Retrieval, Tools, and Agents
When a Model Is Part of a System
core question
When should an AI system remember, search, or act through tools?
you should leave able to
- Separate model parameters from external memory.
- Explain retrieval-augmented generation as search plus synthesis.
- Describe tool use as a system design problem with failure modes.
before moving on
Design a small RAG pipeline and list one retrieval failure, one synthesis failure, and one tool failure.
A language model by itself is a frozen memory and a fluent guesser. Put it inside a system with search, documents, tools, memory, and feedback, and the behavior changes. The model is no longer the whole product. It is the reasoning interface inside a larger machine.
Modern AI applications are often systems, not single models. They retrieve context, call tools, write intermediate state, ask follow-up questions, and verify outputs. This is the engineering layer that turns a foundation model into a useful assistant, tutor, analyst, or coding agent.
The idea
Retrieval-augmented generation
Retrieval-augmented generation, or RAG, gives a model external context at inference time. Instead of asking the model to remember everything, the system searches a document store, inserts relevant passages into the prompt, and asks the model to answer from that context.

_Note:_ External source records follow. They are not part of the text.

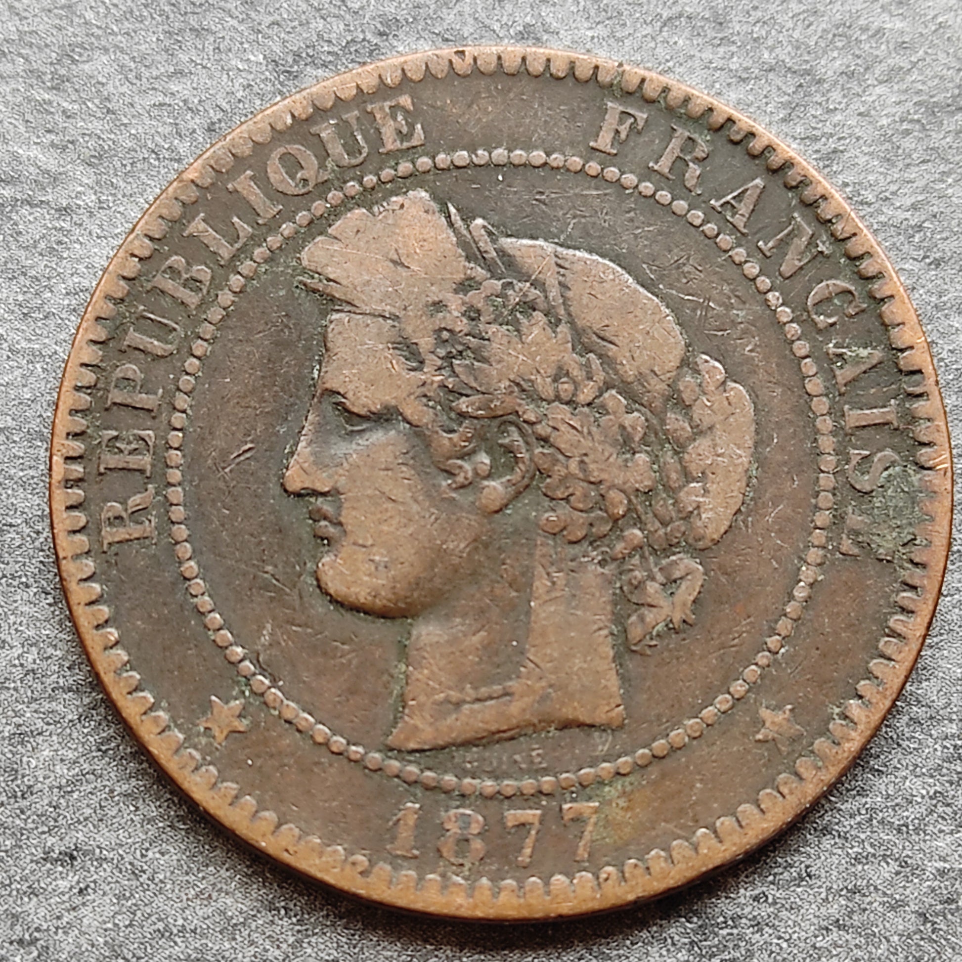 Ceres 10 Céntimos 1877 K Burdeos 9,73 gr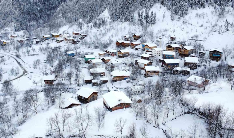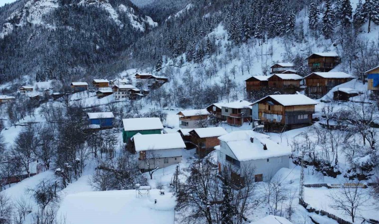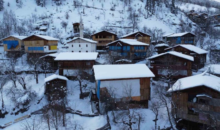 Beyaz örtüyle eşsiz güzelliğe bürünen köyün tüm güzelliği sosyal medya içerik üreticisi Onur Ekin tarafından havadan görüntülendi.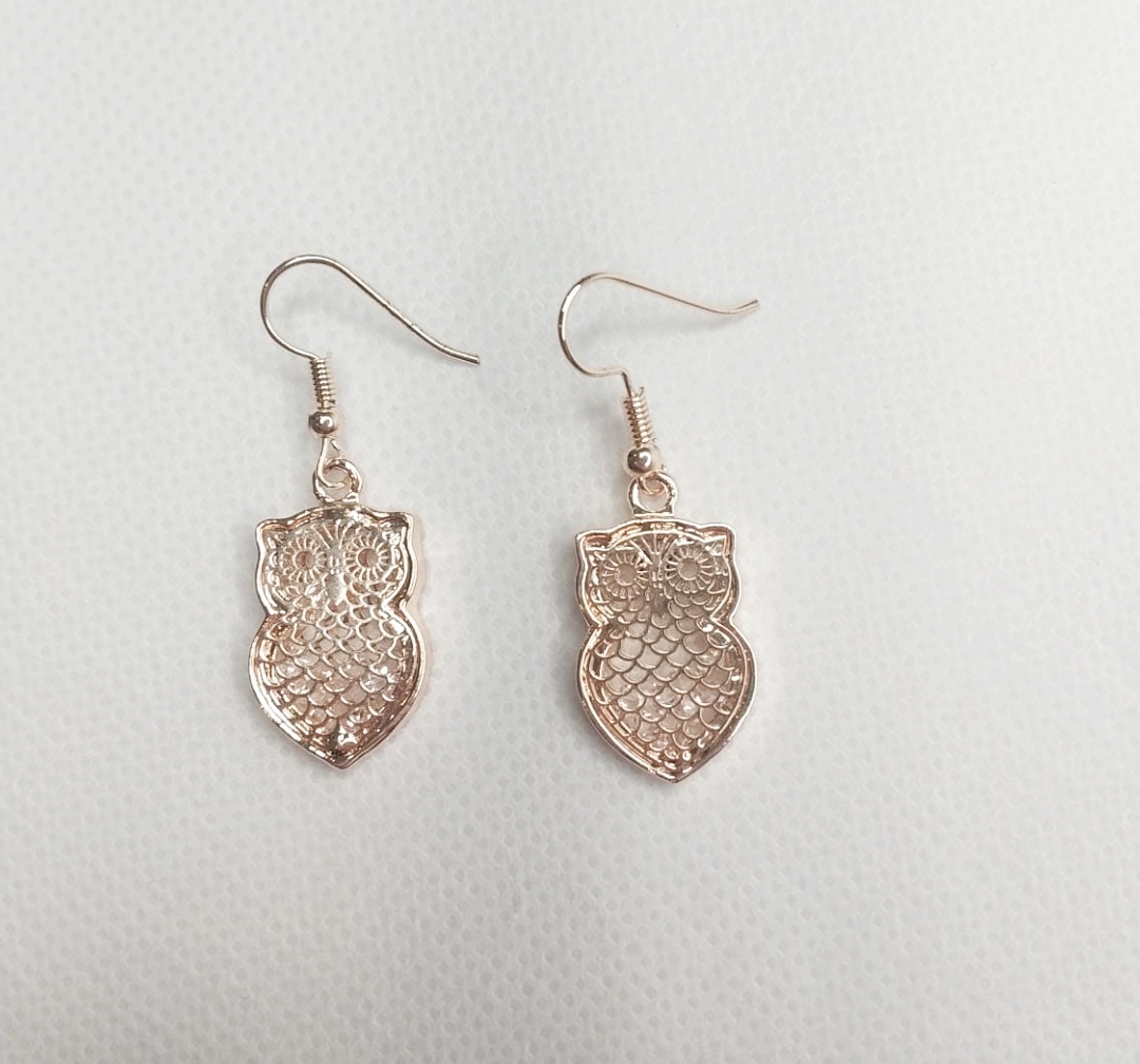 Pendientes búho color rosa gold

RAG helps with freshness, attribution, and private knowledge. It does not solve truth by itself. The retriever can fetch the wrong documents, the prompt can bury the important passage, and the generator can still overstate the answer.
Tools are actions with contracts
A tool call is a structured action: search the web, run code, query a database, send an email, create a calendar event. The model proposes the action, but the system must validate inputs, enforce permissions, log effects, and handle errors.
Agents are loops over this pattern:
- Observe state.
- Decide next action.
- Call a tool or ask a human.
- Read the result.
- Continue or stop.
Lab - Tiny Retrieval
synthesized answer
Retrieval is not memory. It is search over external text, followed by a synthesis step that should stay grounded in what was retrieved.
The model does not need to store every fact in its parameters. A retrieval system searches external text first, then asks the generator to answer from that evidence. The fragile part is the handoff: poor retrieval creates confident synthesis from the wrong context.
Code version
For the advanced reader → Embeddings are not knowledge bases
Vector search uses embeddings to retrieve semantically similar chunks. Similarity is useful, but it is not proof. A passage can be similar and irrelevant, relevant but incomplete, or correct but outdated. Serious RAG systems need chunking strategy, metadata filters, reranking, citations, freshness checks, and evals.
Work this
System design sketch
Design a course-assistant agent for this ML book. Specify:
- What documents it may retrieve.
- Which tools it may call.
- Which actions require human confirmation.
- How you would evaluate whether it is helping students learn.
Key takeaways
- Foundation models become more useful when embedded in systems.
- RAG retrieves context at inference time but does not guarantee truth.
- Tool calls need validation, permissions, and error handling.
- Agents are loops, so they need budgets and stopping rules.
- System design is part of modern machine learning.
The model is not the whole artifact. The artifact is the loop around it: what it sees, what it can do, what is checked, what is logged, and where humans remain in control.
The final phase turns that loop toward action, reward, alignment, and evaluation.